I have 4 instances of Quartz Server. All of the instances point to one ADO JobStore. All I want to do is to make each Quartz instance execute the same job at the same time.
I hope it's clear enough.
This isn't supported out of the box. Whenever a trigger fires, it can only be consumed by one instance. You could fire 4 triggers, but it is not guaranteed that the job will not run twice on one instance.

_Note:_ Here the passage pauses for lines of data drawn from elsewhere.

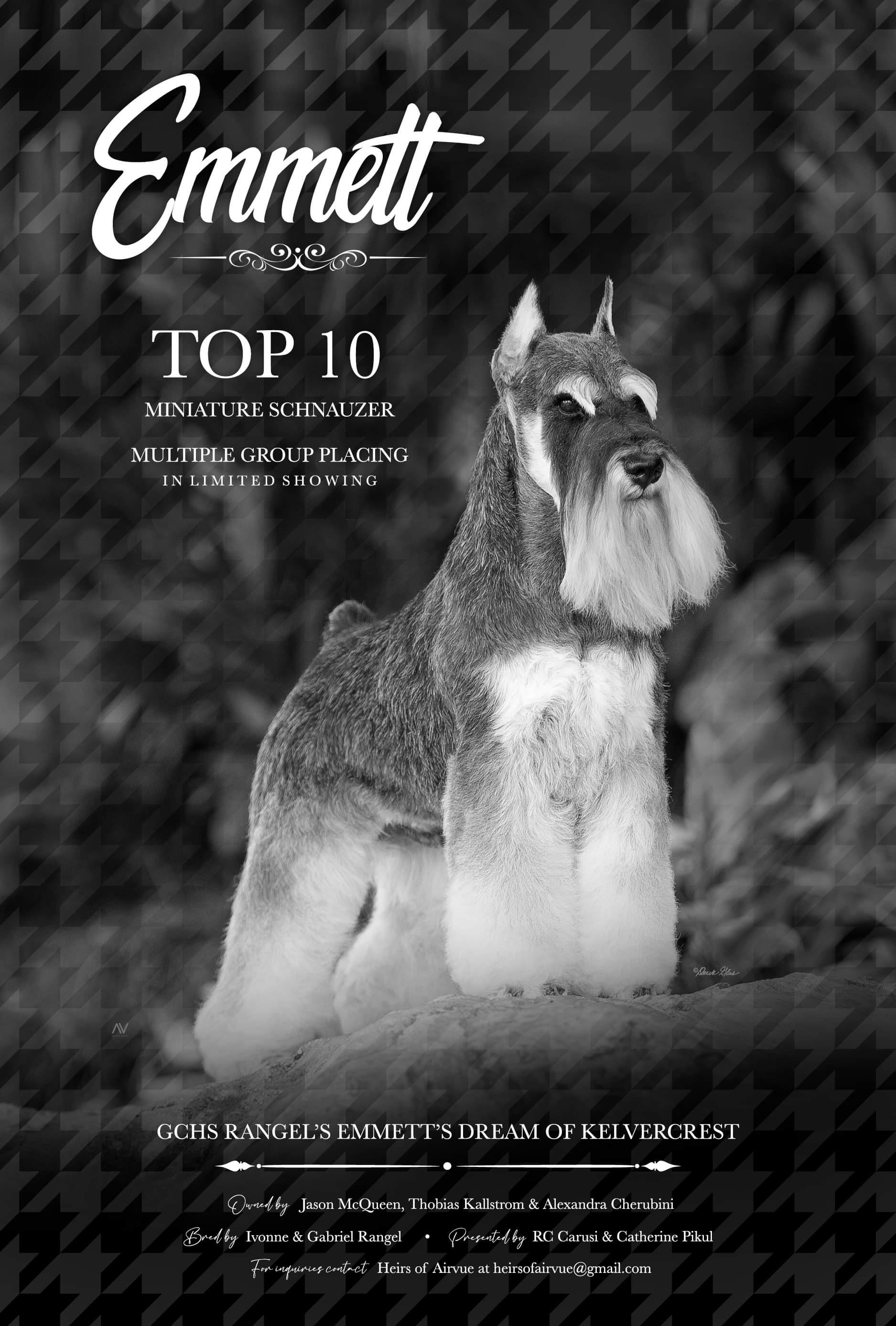 Heirs Of Airvue reports to performing the health tests below on their breeding dogs. Ask your breeder about the tests performed on the parents of your litter. Learn more about health testing for Miniature Schnauzers.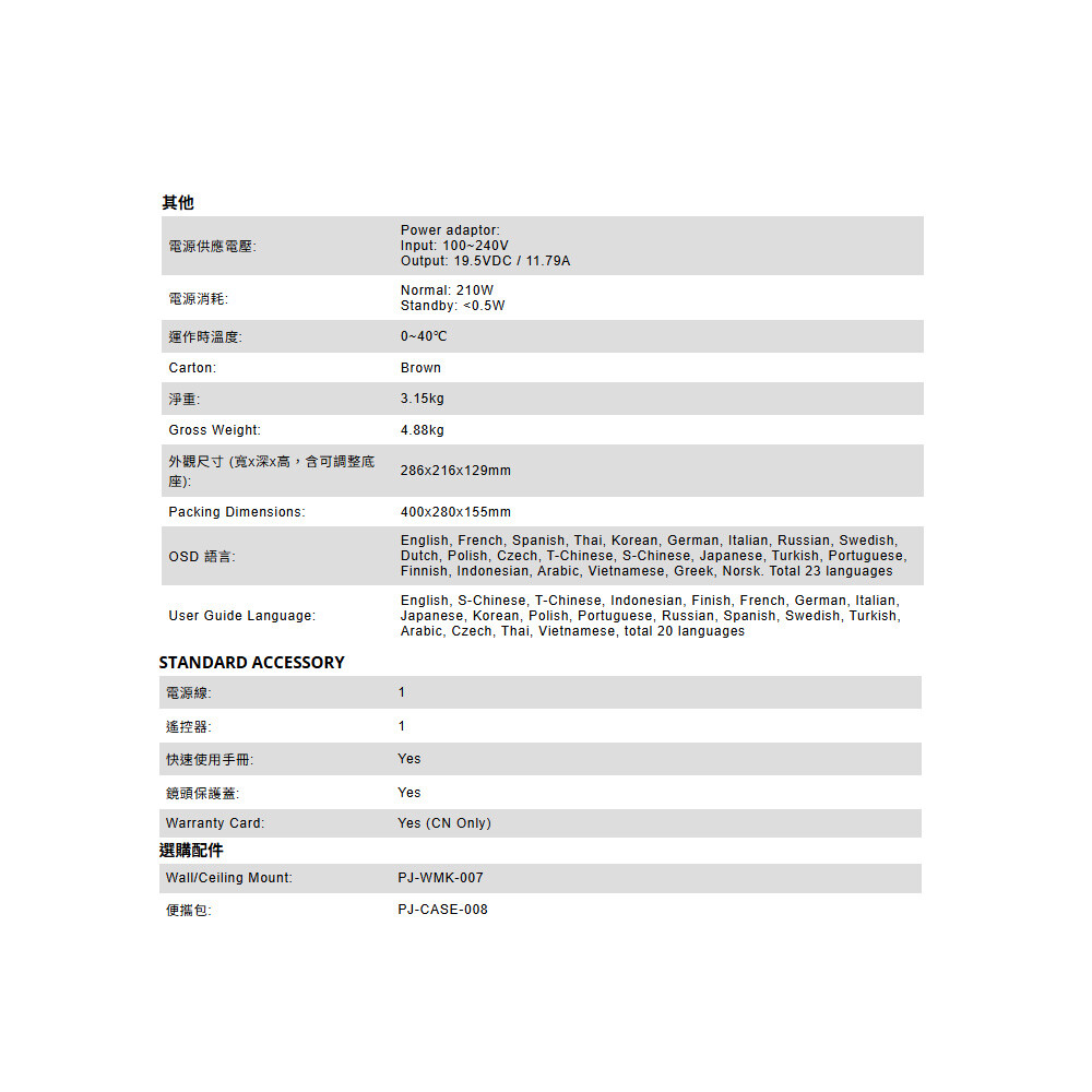 -外觀尺寸 (寬x深x高,含可調整底座): 286x216x129mm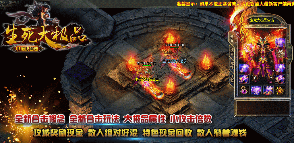 - 综合游戏介绍① >> 本服为最新大极品合击,小攻击倍数,耐玩刺激,激情无限!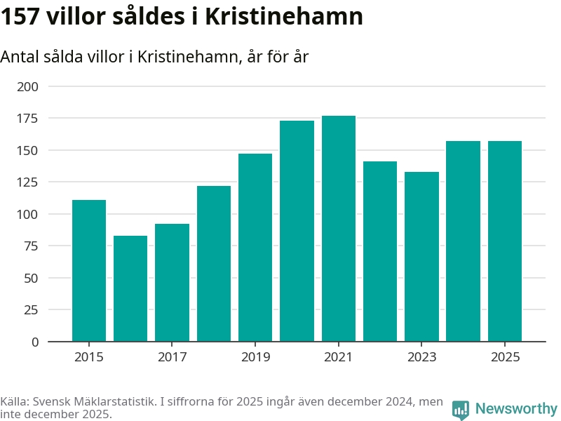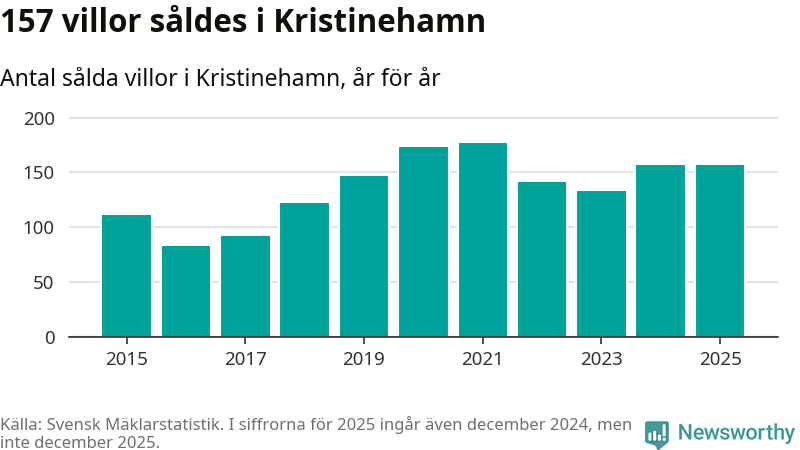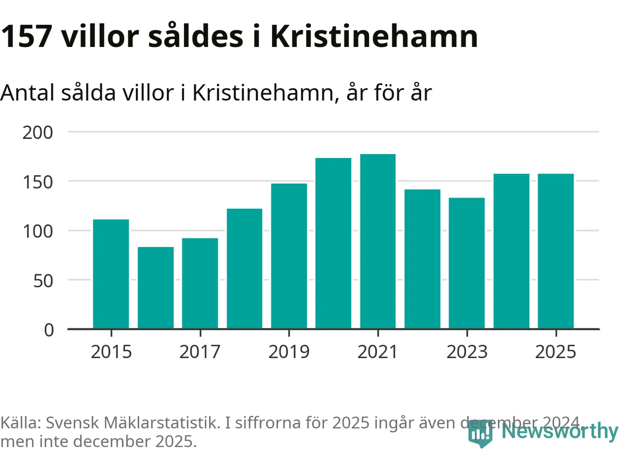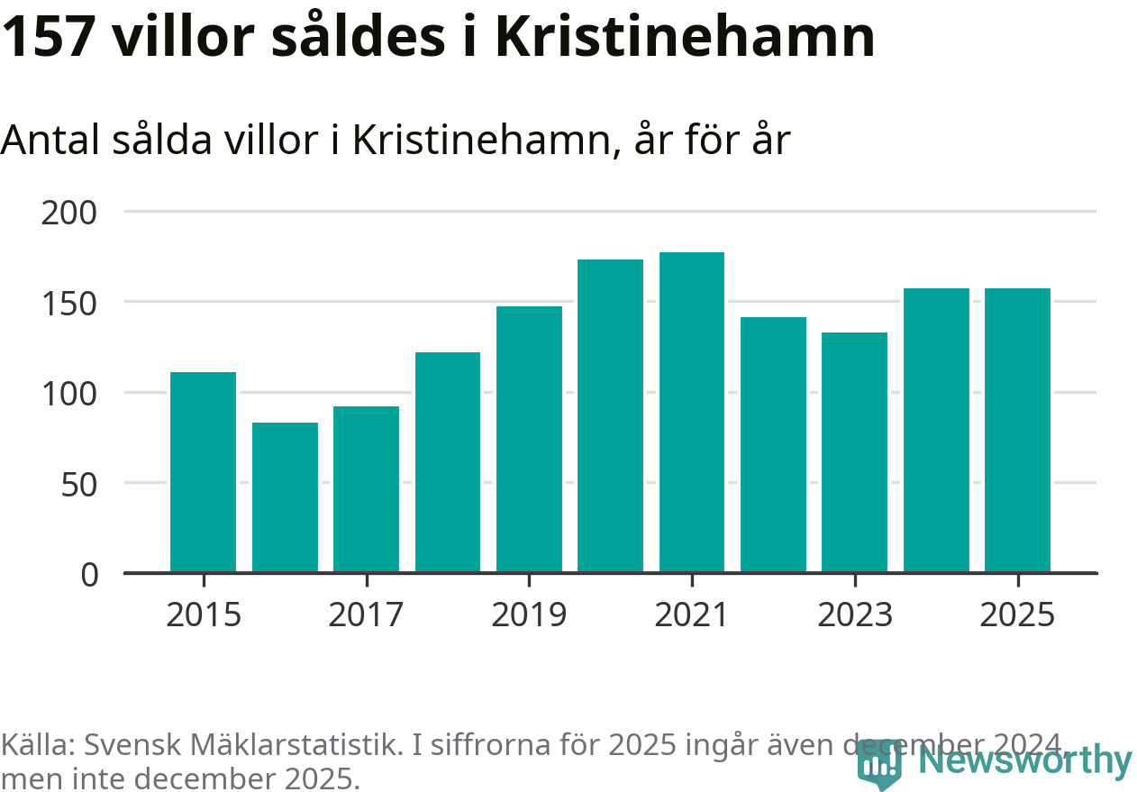 något. Totalt såldes 157 villor, vilket är lika många som året innan.Totalt såldes 157 villor, att jämföra med 157 under 2024.

If you want each instance to fire the job once, then you will have to set up 4 separate job stores.
What I do (in Quartz.NET 2.4.1) is that I have multiple identical scheduler instances, which only differ in scheduler instance name (quartz.scheduler.instanceName). They register identical jobs and triggers. Because of different scheduler instance names, the jobs and triggers are duplicated in the job store (scheduler name is part of the primary key in every table of JobStoreTX). This causes logically the same triggers to fire on all scheduler instances at the same time. They are actually separate triggers, though, so each will handle misfires etc separately.